* Records from a data collection
□ □ □

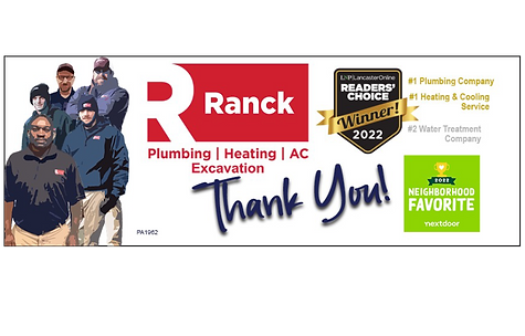 Ranck has won the last 5 years as: #1 Heating/Cooling Company, #1 Plumbing Company, #2 Water Treatment Company in Lancaster County, PA.
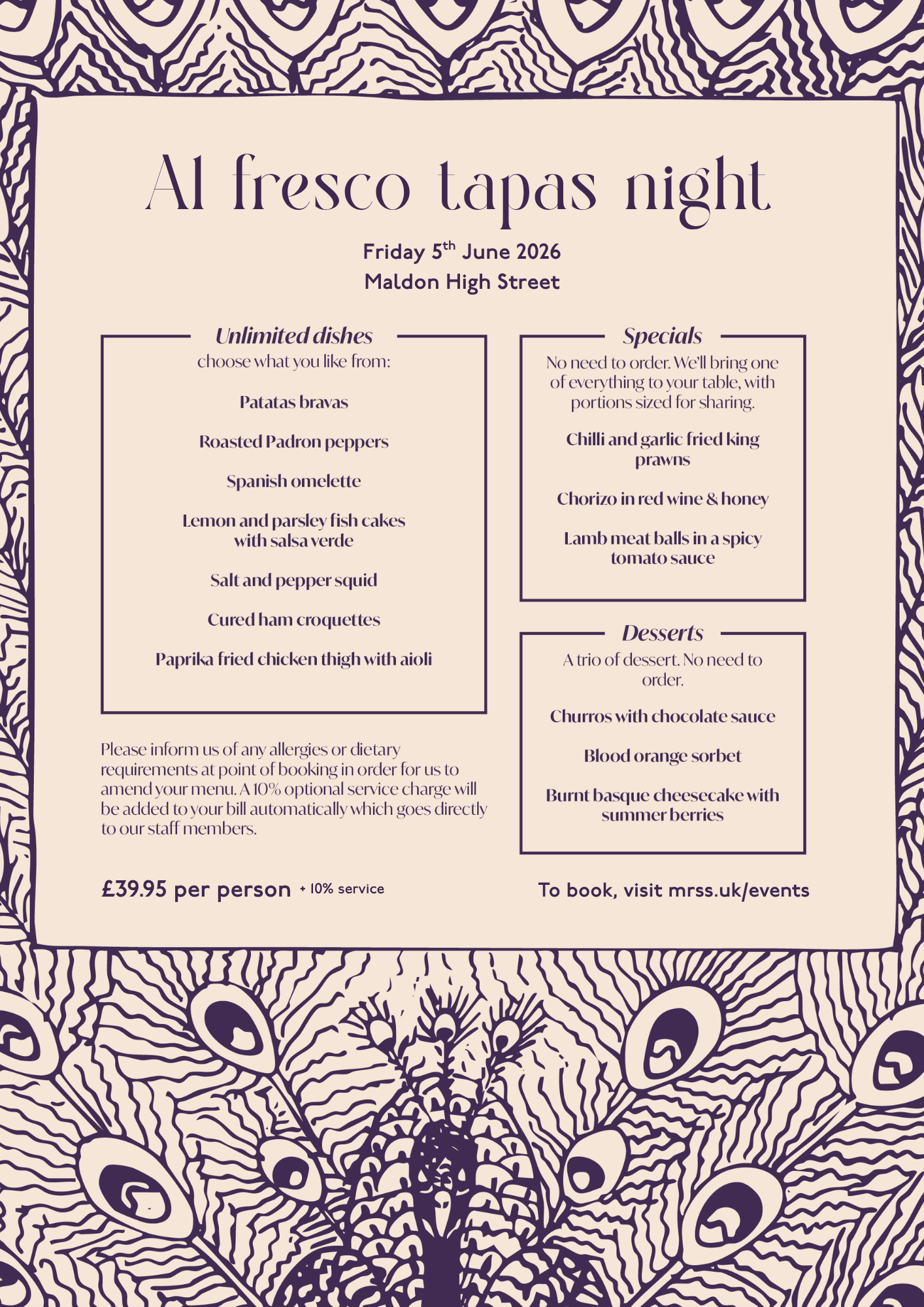 Join us for a relaxed and vibrant evening of Spanish-inspired small plates served al fresco. Pair your meal with a variety of cocktails, beer or wines from our fully stocked bar.
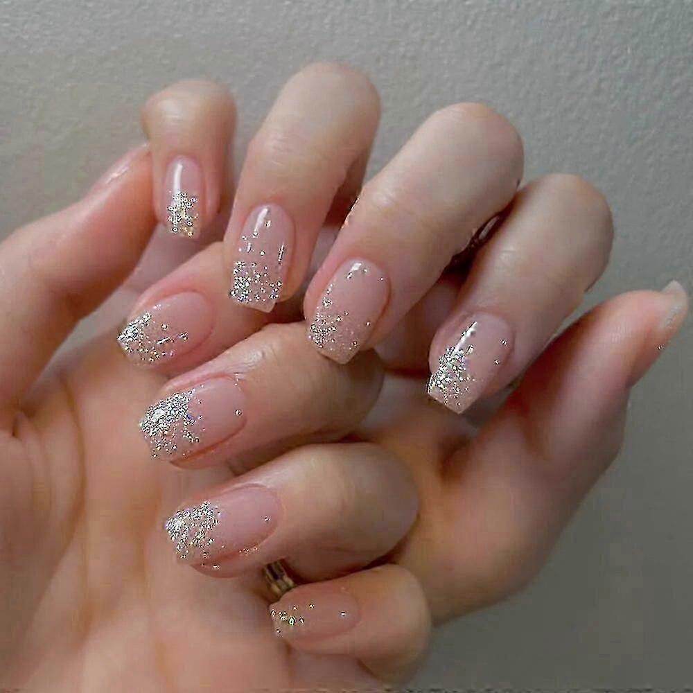24pcs Short Round False Nails in French Blue with Sparkling Pearl and Wavy Love Heart Design for Full Cover Detachable Press On Nail Tips
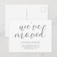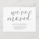 Caligrafía gris plateada simple Hemos movido la postal de Invitación de la casa
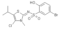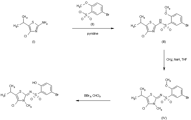 Acylation of 2-amino-4-chloro-5-isopropylthiazole (I) with 5-bromo-2-methoxybenzenesulfonyl chloride (II) yields sulfonamide (III). Methylation of (III) with ICH3/NaH takes place at the thiazole N, producing (IV). Finally, methyl ether cleavage in (IV) by means of BBr3 in cold CHCl3 affords the title compound.
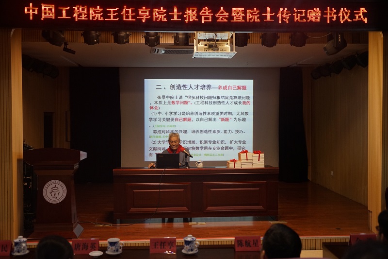 两场报告会上,王任享院士以“我的科研生涯以数学取胜”为题,向师生们介绍了他的学习和科研工作体会并简要介绍了卫星定位和卫星摄影测量的知识。他在报告中指出,中小学阶段是培养创造性素质的重要时期,鼓励同学们要多进行“创造性劳动”,培养创新精神。他以数学学习为例,指出学习的关键是要养成“自己解题”的好习惯,以自己解出“难题”为乐趣,养成对科学的兴趣,培养创造性素质、能力、技巧。他以“为天下人谋永福”寄语同学们,希望同学们弘扬科学精神,自强不息,为国争光,为人民谋永福。报告结束后,王任享院士还耐心回答了同学们的提问,并与大家分享了他的科研格言:求真、务实、创新、担当。
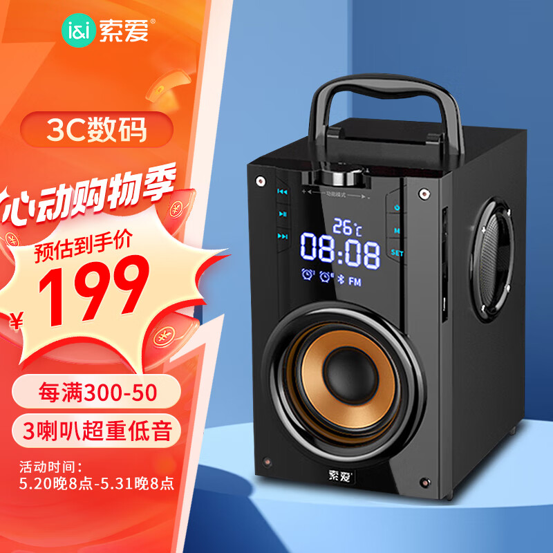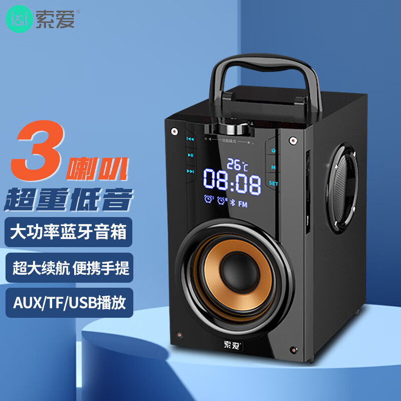 索爱(soaiy) SA-Q22 无线蓝牙音箱户外大音量广场舞3d环绕音响小型家用地摊摆摊喇叭闹钟手提便携式价格:199.00元!
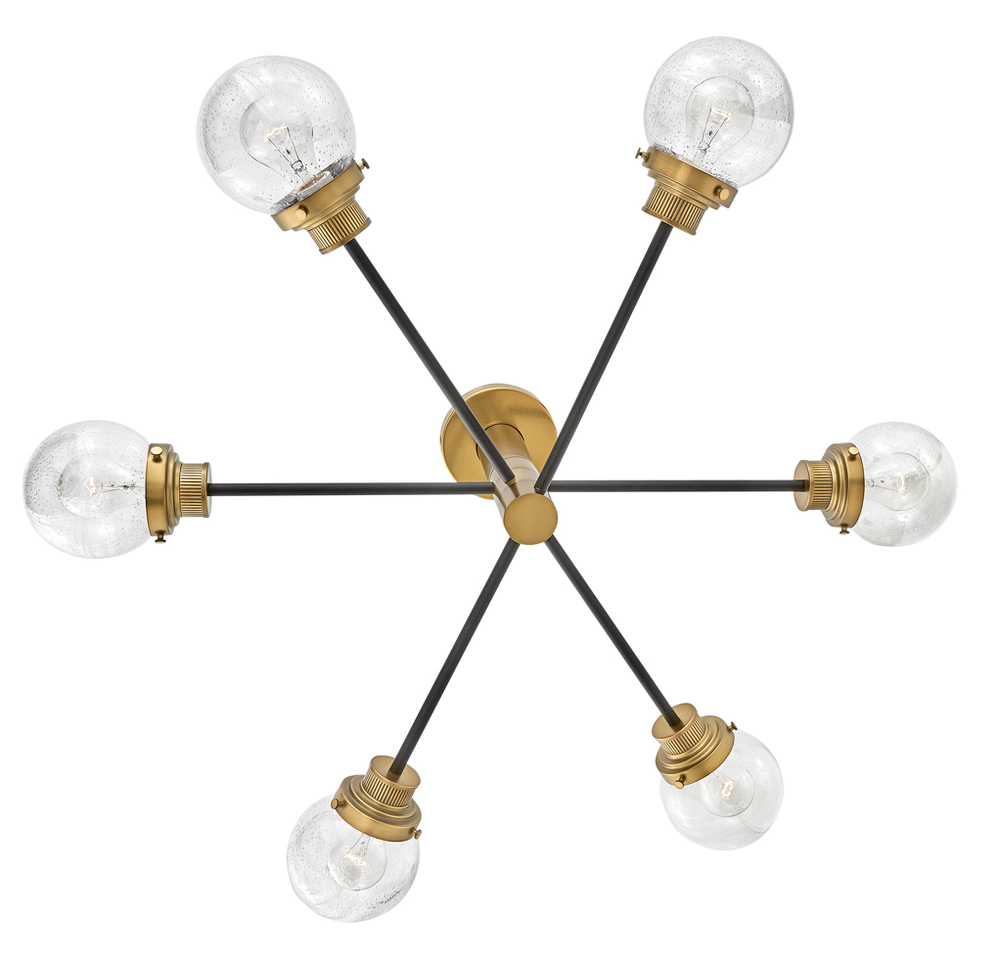 Poppy features clear seedy glass spheres that bubble out of refined, ribbed fitters to create a simple, yet sophisticated silhouette. The dual-finish combinations, Black with Brushed Nickel and Black with Heritage Brass, pair perfectly with a clean backplate or canopy and crisp crossbars to anchor this airy design. Poppy showcases mid-century style with a spectacular spin.

□ □ □

* Task prompt
All of the records need to be restated word for word, but not the pictures.

* Response below
 Ranck has won the last 5 years as: #1 Heating/Cooling Company, #1 Plumbing Company, #2 Water Treatment Company in Lancaster County, PA.
 Join us for a relaxed and vibrant evening of Spanish-inspired small plates served al fresco. Pair your meal with a variety of cocktails, beer or wines from our fully stocked bar.
24pcs Short Round False Nails in French Blue with Sparkling Pearl and Wavy Love Heart Design for Full Cover Detachable Press On Nail Tips
 Caligrafía gris plateada simple Hemos movido la postal de Invitación de la casa
 Acylation of 2-amino-4-chloro-5-isopropylthiazole (I) with 5-bromo-2-methoxybenzenesulfonyl chloride (II) yields sulfonamide (III). Methylation of (III) with ICH3/NaH takes place at the thiazole N, producing (IV). Finally, methyl ether cleavage in (IV) by means of BBr3 in cold CHCl3 affords the title compound.
 两场报告会上,王任享院士以“我的科研生涯以数学取胜”为题,向师生们介绍了他的学习和科研工作体会并简要介绍了卫星定位和卫星摄影测量的知识。他在报告中指出,中小学阶段是培养创造性素质的重要时期,鼓励同学们要多进行“创造性劳动”,培养创新精神。他以数学学习为例,指出学习的关键是要养成“自己解题”的好习惯,以自己解出“难题”为乐趣,养成对科学的兴趣,培养创造性素质、能力、技巧。他以“为天下人谋永福”寄语同学们,希望同学们弘扬科学精神,自强不息,为国争光,为人民谋永福。报告结束后,王任享院士还耐心回答了同学们的提问,并与大家分享了他的科研格言:求真、务实、创新、担当。
 索爱(soaiy) SA-Q22 无线蓝牙音箱户外大音量广场舞3d环绕音响小型家用地摊摆摊喇叭闹钟手提便携式价格:199.00元!
 Poppy features clear seedy glass spheres that bubble out of refined, ribbed fitters to create a simple, yet sophisticated silhouette. The dual-finish combinations, Black with Brushed Nickel and Black with Heritage Brass, pair perfectly with a clean backplate or canopy and crisp crossbars to anchor this airy design. Poppy showcases mid-century style with a spectacular spin.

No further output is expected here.